▶ [How to complete this task] Can the lines below, from the one that holds "TODAVIA HUELE A" to the very end, be echoed exactly, with both ends included and no pictures?

▶ [Dataset excerpt]
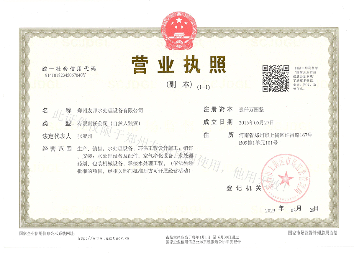 鄭州友邦水處理設備有限公司——營業(yè)執(zhí)照
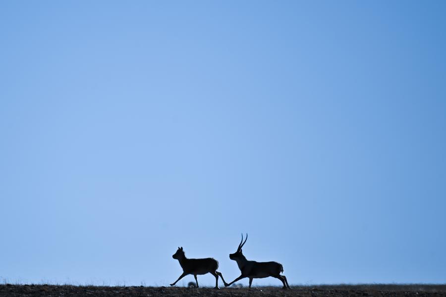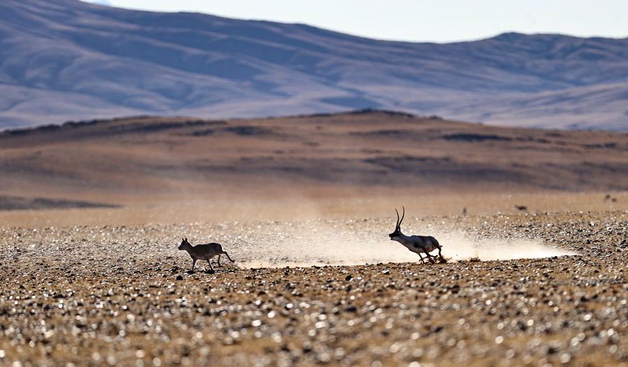A male Tibetan antelope chases a female one at the Changtang National Nature Reserve in southwest China's Xizang Autonomous Region, Dec. 1, 2025. (Xinhua/Guo Yu)
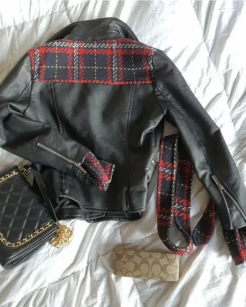 TODAVIA HUELE A NUEVO Chamarra de vinipiel negra obtenla con descuento del precio real, tiene detalles de lana roja cuadriculada y metales color plata, mangas con cierres y tiene bolsos, incluye cinturon que se puede poner y quitar.
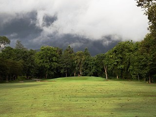 朝方は曇り、4・5ホールと霧雨、曇り空だが湿気が多く蒸し暑い、夕方・夜と雨

▶ [Response area]
 TODAVIA HUELE A NUEVO Chamarra de vinipiel negra obtenla con descuento del precio real, tiene detalles de lana roja cuadriculada y metales color plata, mangas con cierres y tiene bolsos, incluye cinturon que se puede poner y quitar.
 朝方は曇り、4・5ホールと霧雨、曇り空だが湿気が多く蒸し暑い、夕方・夜と雨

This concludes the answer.